Discrete vs. Relational Content Modeling

By Deane Barker 3 min read
Author Description

Content modeling “inside” a single content object is generally quite simple. What’s trickier is content modeling between multiple content objects.

AI Summary

This post explores the differences between discrete and relational content modeling, highlighting how each approach affects content organization and management. The author provides insights into when to use each model and their implications for content strategy and architectural decisions in digital environments.

I was in Boston on business a couple of weeks ago, and one of the things I did for fun was take the train to Cambridge and walk around the campus of Harvard University. Call me a total dork, but it was amazing to actually be there.

(Did you know Harvard has a $26 billion endowment? At, say, eight percent interest, they could give all their students free tuition, and they’d still have to spend over $2 billion a year just to break even.)

The trip must have got me in a scholarly mood, because on the way back to Boston, I got to thinking about content modeling. And since I was in such an academic frame of mind, I made up two new terms:

  1. Discrete content modeling

  2. Relational content modeling

(Just checked Google. There are no hits for the first phrase, and a single hit for the second. I rule. Anyway…)

Discrete content modeling means simply, the ability for you to model a self-contained piece of content. So, if you decide that your news article needs properties for title, subtitle, author, summary, body, etc., then you’ve discretely modeled this piece of content. You’ve defined the information that the content item carries within itself.

Some content management systems are better at this than others. At the risk of beating a dead horse, I refer back to my comments on open and closed content management. If your system only cares about a “page,” then it gets tough to model anything beyond, well, a page.

Relational content modeling is a little more complex and it’s what sets systems apart in my mind. It refers to the modeling of a piece of content in relation to other content in the system. So it’s how a content item refers to content “outside” of itself.

Referring back to our news article example from above, let’s say that our “author” property wasn’t just a string of text, but was instead a reference to another object. In relational database terms, this is a foreign key relationship between tables. By setting up this reference, you’ve modeled this content item relationally.

This is where a lot of content management systems run into trouble, because relational modeling can be tricky to do. It’s tough from an interface perspective, as we talked about in-depth a few weeks ago.

Additionally, it gets complicated since you need to maintain referential integrity between content items – when the author to which you refer gets deleted, you need to make sure your news article gets updated. (Yes, this is easy in a standard relational database, but how many content management repositories are flat tables like that?)

eZ publish does relational modeling really, really well. I touch on this briefly in the screencast on eZ that I did for Packt last year.

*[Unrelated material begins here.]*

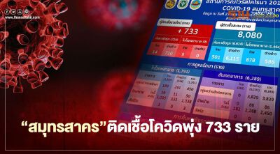 "สมุทรสาคร"พบผู้ติดเชื้อรายใหม่ 733 ราย มาจากการค้นหาเชิงรุก 724 ราย และในโรงพยาบาล 9 ราย เป็นแรงงานต่างด้าว 710 ราย ผู้ติดเชื้อสะสม 8,080 ราย

Essentially, you can state that a property of an object is (1) a reference to another object, or (2) a reference to multiple other objects. Additionally, you can specify what type of objects can be linked, and from what branch of the content tree they can come from. Short of a custom relational database, this is the best I’ve ever seen relational modeling executed.

Also, the template code to get at the relations is fantastic. The properties on the original object are seamless references to the other objects. Like this:

{$article.author.first_name} {$article.author.last_name}

Now, if your CMS has a content tree, you can fake up a limited amount of relational modeling. For instance, you could add an “author” object as a child of a news article. Then you just treat any author object found under an article object as the author of that article. This gives you a separate author object, but that’s about it – you have to have multiple authors under multiple articles, so it’s really limited. But it’s something, if you have no other options.

I realized recently that the ability to model content well is really the first thing I look for in a CMS. But it’s important to realize that discrete and relational model are two different things, and most systems are much better at the former than a latter (especially XML-ish systems – XML representations of content tend to be very discrete).